(Collection entries)
============

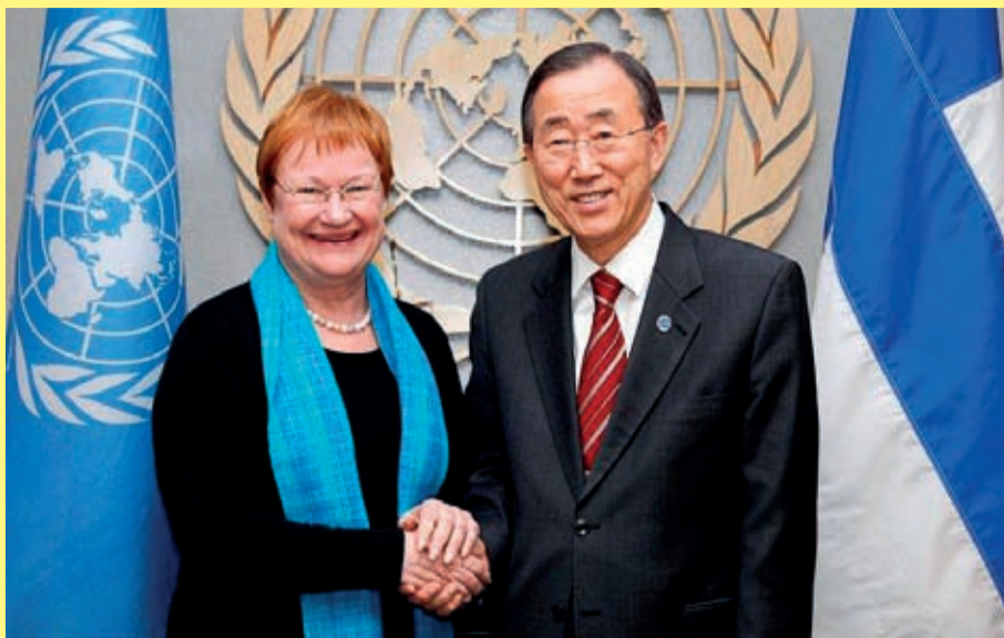
Presidentti Tarja Halonen on arvostettu asiantuntija kun puhutaan kestävästä kehityksestä. Hänen vetämänsä työryhmä teki YK:n pääsihteerin Ban Ki-Moonin toimeksiannosta aiheesta korkeantason raportin.

Korkean tason työryhmä edellyttää yleensäkin enemmän läpinäkyvyyttä tavaroiden ja palvelujen hinnanmäärittelyssä, jonka osana olisivat myös sosiaaliset ja ympäristötekijät. Päättökentekoa voi ohjata investointikannustimilla ja toisaalta haittaverolla, joilla kompensoidaan esimerkiksi
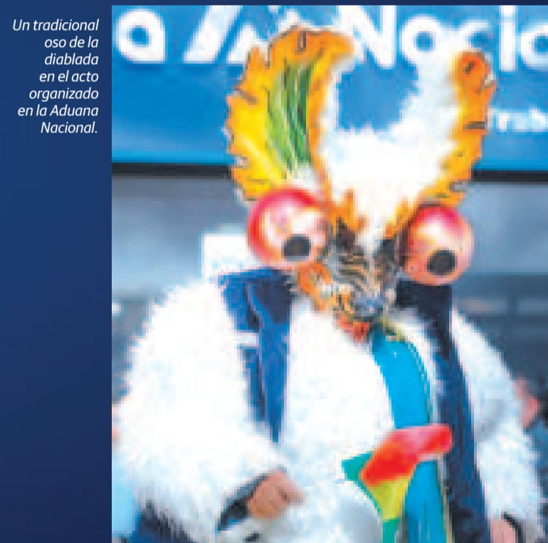
Un tradicional oso de la diablada en el acto organizado en la Aduana Nacional.
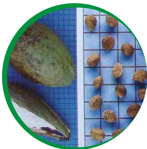
Frutos e sementes
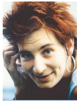
... sowie als Studentin in den 1980er Jahren

Ich wünsche mir für eine Universität der Zukunft, dass neben Fachwissen, e-Learning und was noch kommen mag, der Blick über den eigenen Tellerrand und ein menschliches Miteinander nicht verloren gehen.
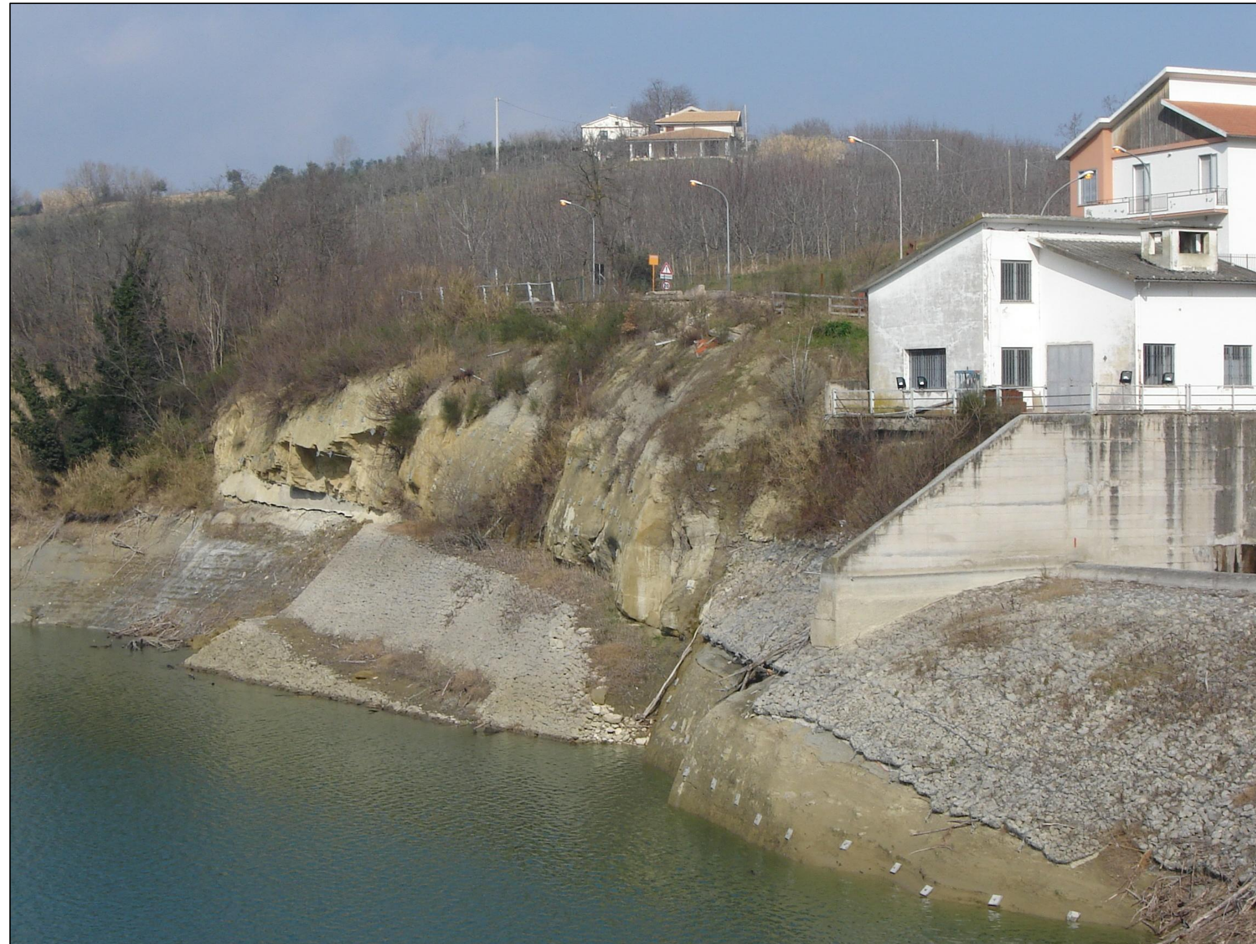
LA SPONDA SINISTRA DELL'INVASO DALLO SFIORATORE (A DESTRA) ALLA ZONA DELL' INTERVENTO DI PROGETTO (A SINISTRA)

NOTA: SONO EVIDENTI GLI INTERVENTI ESEGUITI CON IL PROGETTO 1997 IN CORRISPONDENZA DELLO SFIORATORE E DELLA CABINA DI MANOVRA E L'INTERVENTO PRECEDENTE AGNI ANNI '90 SEMPRE TRA LA CABINA DI MANOVRA E L'AREA DELL' ATTUALE PROGETTO. IN CORRISPONDENZA DI QUESTA SI POSSONO OSSERVARE: IL SOTTOSCAVO ALLA BASE DEL BANCO DI ARENARIE, LE NICCHIE FORMATESI NEL BANCO STESSO PER EFFETTO DEI CROLLI, LE ESTREMITA' DENUDATE DEI CHIODI GIA' APPLICATI CON IL PROGETTO 1997.
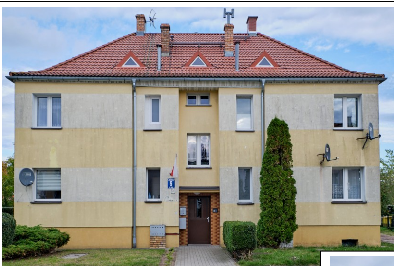
Elewacja frontowa - zachodnia

7. Fotografia z opisem wskazującym orientację albo mapa z zaznaczonym stanowiskiem archeologicznym

============

**Exercise details:**
Where a record above holds a picture, drop the picture and print the rest exactly.

**Task answer:**
Presidentti Tarja Halonen on arvostettu asiantuntija kun puhutaan kestävästä kehityksestä. Hänen vetämänsä työryhmä teki YK:n pääsihteerin Ban Ki-Moonin toimeksiannosta aiheesta korkeantason raportin.

Korkean tason työryhmä edellyttää yleensäkin enemmän läpinäkyvyyttä tavaroiden ja palvelujen hinnanmäärittelyssä, jonka osana olisivat myös sosiaaliset ja ympäristötekijät. Päättökentekoa voi ohjata investointikannustimilla ja toisaalta haittaverolla, joilla kompensoidaan esimerkiksi
Un tradicional oso de la diablada en el acto organizado en la Aduana Nacional.
Frutos e sementes
... sowie als Studentin in den 1980er Jahren

Ich wünsche mir für eine Universität der Zukunft, dass neben Fachwissen, e-Learning und was noch kommen mag, der Blick über den eigenen Tellerrand und ein menschliches Miteinander nicht verloren gehen.
LA SPONDA SINISTRA DELL'INVASO DALLO SFIORATORE (A DESTRA) ALLA ZONA DELL' INTERVENTO DI PROGETTO (A SINISTRA)

NOTA: SONO EVIDENTI GLI INTERVENTI ESEGUITI CON IL PROGETTO 1997 IN CORRISPONDENZA DELLO SFIORATORE E DELLA CABINA DI MANOVRA E L'INTERVENTO PRECEDENTE AGNI ANNI '90 SEMPRE TRA LA CABINA DI MANOVRA E L'AREA DELL' ATTUALE PROGETTO. IN CORRISPONDENZA DI QUESTA SI POSSONO OSSERVARE: IL SOTTOSCAVO ALLA BASE DEL BANCO DI ARENARIE, LE NICCHIE FORMATESI NEL BANCO STESSO PER EFFETTO DEI CROLLI, LE ESTREMITA' DENUDATE DEI CHIODI GIA' APPLICATI CON IL PROGETTO 1997.
Elewacja frontowa - zachodnia

7. Fotografia z opisem wskazującym orientację albo mapa z zaznaczonym stanowiskiem archeologicznym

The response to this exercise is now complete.